EXERCISE REQUIREMENTS – Repeat, word for word, every line from the line holding "on each sleeve)" through the final line of the entries below. Skip all pictures.

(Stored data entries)
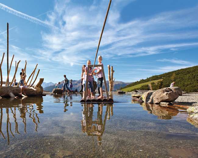 Wie im Bergwelten-Tipp erwähnt ist dieser in 4 Abschnitte geteilt. Die erste Teilstrecke , die von der Bergstation bis zur Pfnatschalm führt, befasst sich mit dem Thema Wasser. Kinder können sich mit Wasserrädern und Wasserläufen unterhalten sowie einen Teich auf einem Holzfloß überqueren.
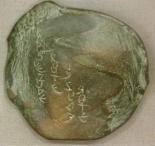 Langs de Zijderoute - z.j., brons, 90 x 83 x 20 mm, ongesigneerd, geannoteerd kz.: 'LANGS DE ZIJDE ROUTE' en éénmaal in spiegelschrift ('pseudo-Japans')
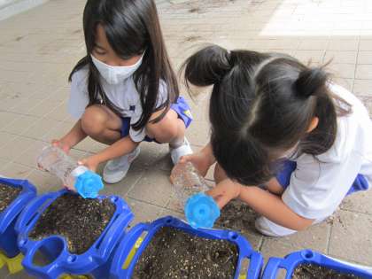 1年生 あさがおの水やり
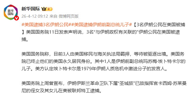 美国国务院11日发表声明说,3名“与伊朗政权有关联的”伊朗公民在美国被逮捕。
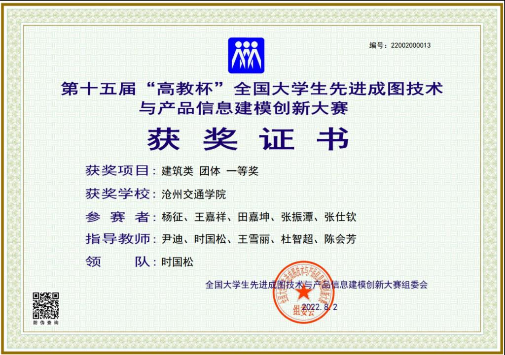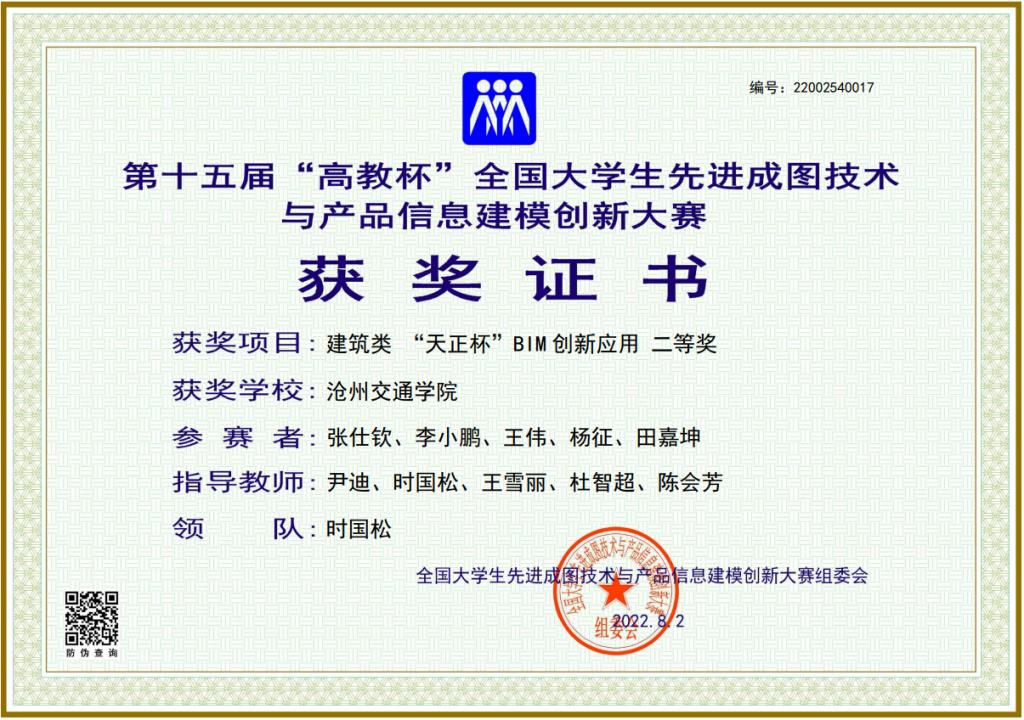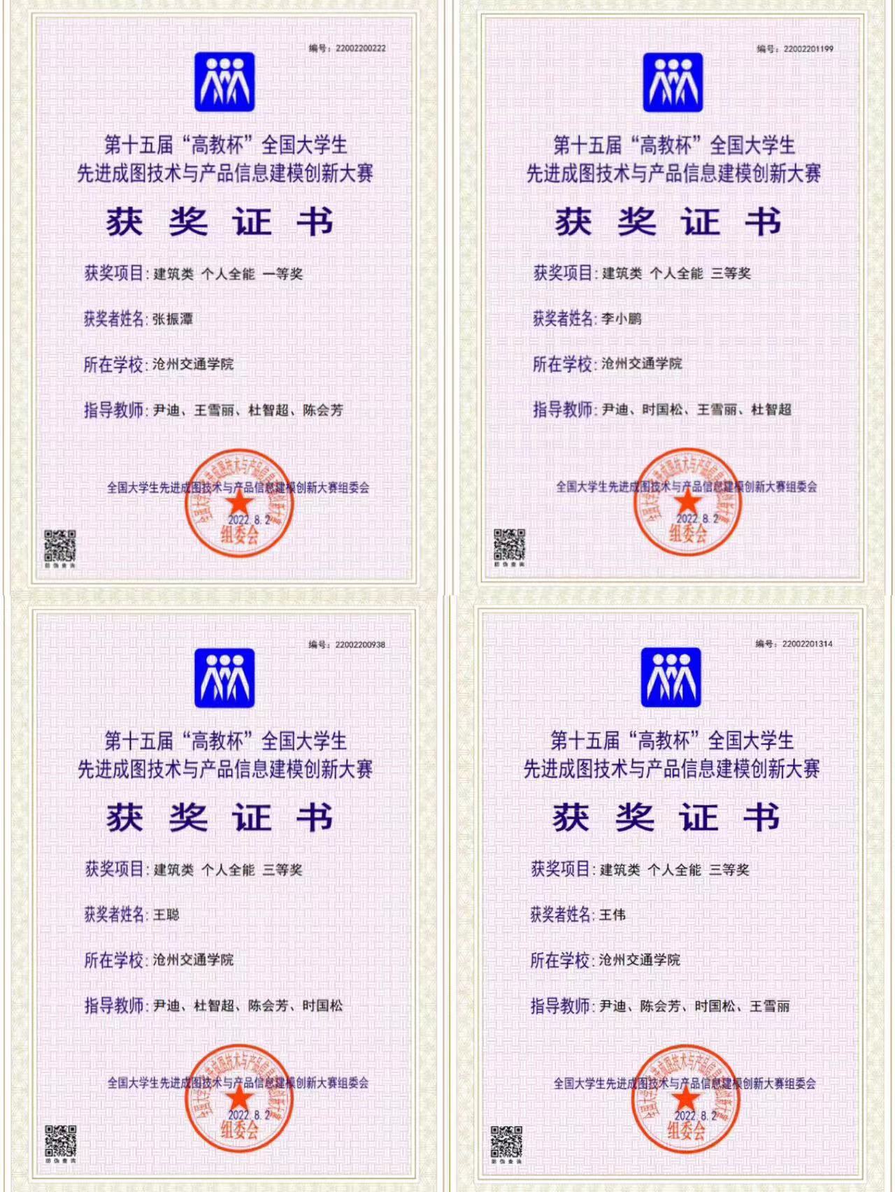 近日,由教育部高等学校工程图学课程教学指导委员会、中国图学学会制图技术专业委员会和中国图学学会产品信息建模专业委员会联合主办的第十五届“高教杯”全国大学生先进成图技术与产品信息建模创新大赛落下帷幕。在大赛中,德赢官网土木建筑工程学院多名学子喜获佳绩,共获国家级个人全能一等奖5名,国家级个人全能三等奖3名,建筑类团体一等奖、建筑类基础知识团体二等奖和建筑类BIM创新应用团体二等奖。
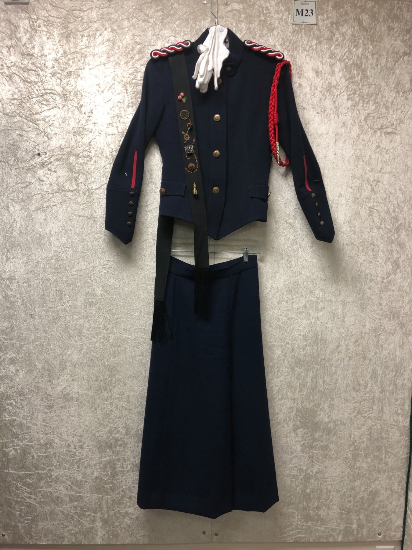 "Motherland: Fort Salem" - Hero "Tally" United States Army "Old Hero" Private Rank Uniform/ Pants are "New Hero" - 6pc set includes jacket/ trousers/ white gloves/ shoulder rank emblems/ French fourragère & sash w/ assorted witches merit pins (1 stripe on each sleeve)
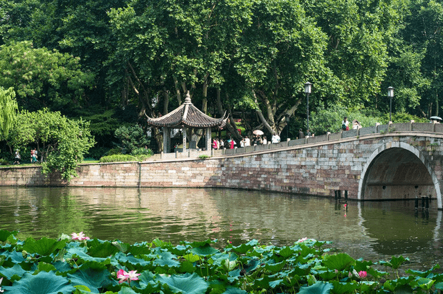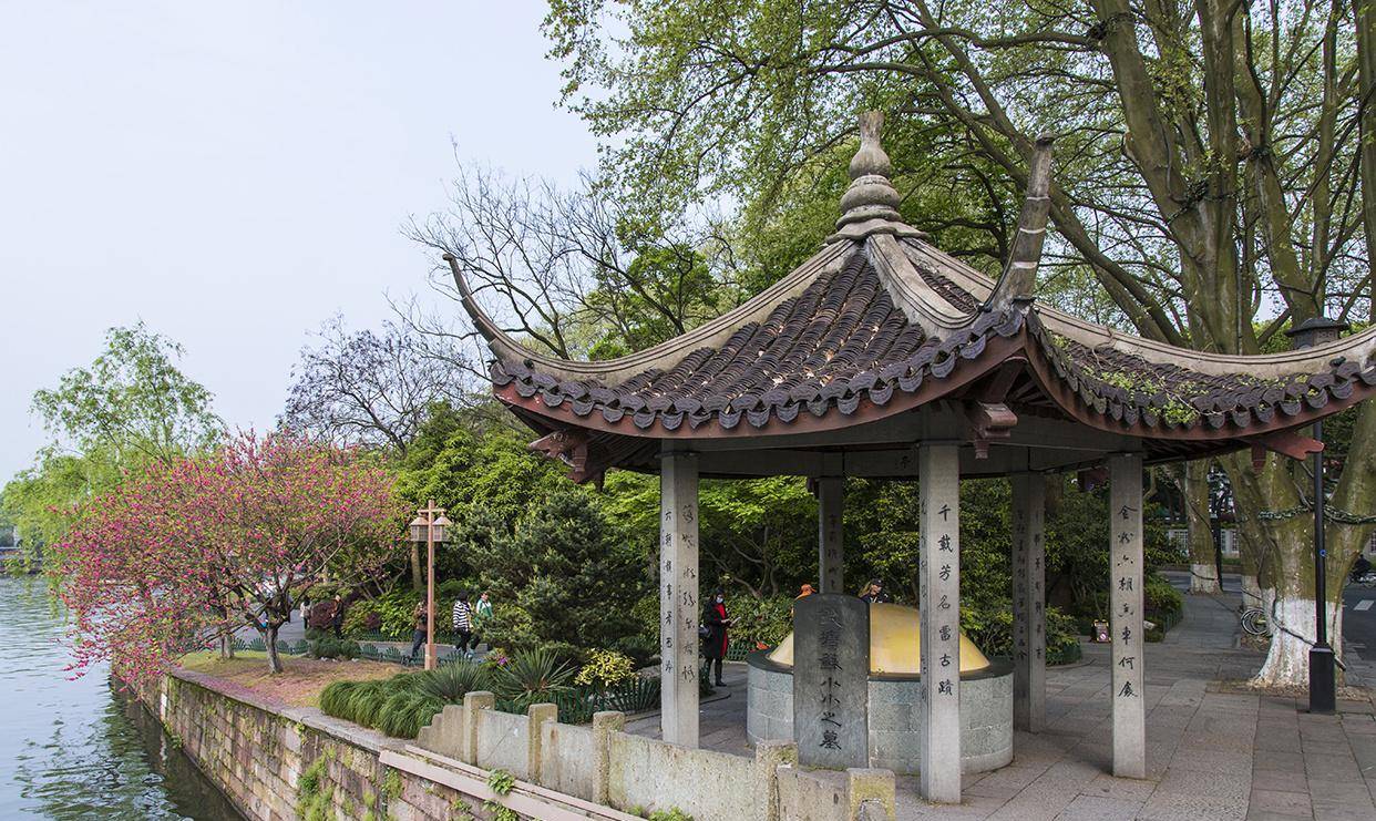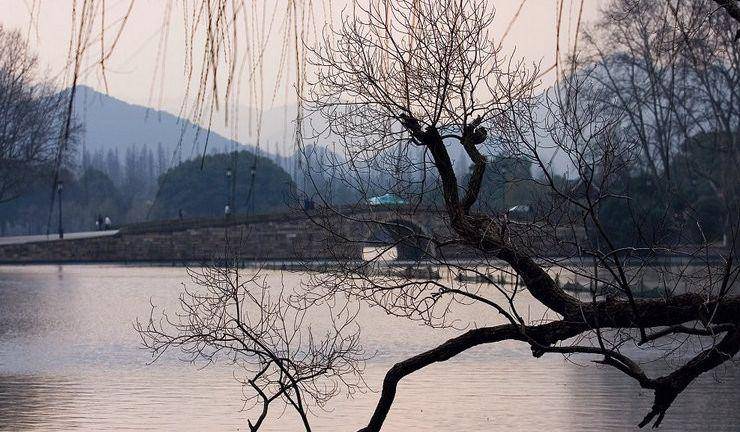 站在浙江杭州西湖的西泠桥上,既可近眺里湖,又可远瞩外湖;既在孤山之西,又可通往北山,白堤近在咫尺,苏堤又隐约在望,不仅地理位置好,而且古迹韵事,令人怀想。因为这里过去(在宋代以前)不叫“西泠”而叫“西林”或“西村”,古时有“西村唤渡处”大约是桥还没有造好。宋代郭祥正有《西村》诗道:“远近皆僧舍,西村八九家。得鱼无卖处,沽酒入芦花。”可见这里当时只有村民数家,而湖中也未遍种荷花,而是满眼如雪的芦花。后来桥筑成了,明代陈贽就有诗说:东风客每携壶过,落日人还唤渡无?最有春来狂可玩,桃花千树柳千株。(《西林桥》)不过,这时候的桥,还有些古色古香,简朴可爱,但到明末李流芳时,桥已改筑,而且人们习惯称它为“西泠桥”了。

SOLUTION FOR THIS PROBLEM –
 "Motherland: Fort Salem" - Hero "Tally" United States Army "Old Hero" Private Rank Uniform/ Pants are "New Hero" - 6pc set includes jacket/ trousers/ white gloves/ shoulder rank emblems/ French fourragère & sash w/ assorted witches merit pins (1 stripe on each sleeve)
 站在浙江杭州西湖的西泠桥上,既可近眺里湖,又可远瞩外湖;既在孤山之西,又可通往北山,白堤近在咫尺,苏堤又隐约在望,不仅地理位置好,而且古迹韵事,令人怀想。因为这里过去(在宋代以前)不叫“西泠”而叫“西林”或“西村”,古时有“西村唤渡处”大约是桥还没有造好。宋代郭祥正有《西村》诗道:“远近皆僧舍,西村八九家。得鱼无卖处,沽酒入芦花。”可见这里当时只有村民数家,而湖中也未遍种荷花,而是满眼如雪的芦花。后来桥筑成了,明代陈贽就有诗说:东风客每携壶过,落日人还唤渡无?最有春来狂可玩,桃花千树柳千株。(《西林桥》)不过,这时候的桥,还有些古色古香,简朴可爱,但到明末李流芳时,桥已改筑,而且人们习惯称它为“西泠桥”了。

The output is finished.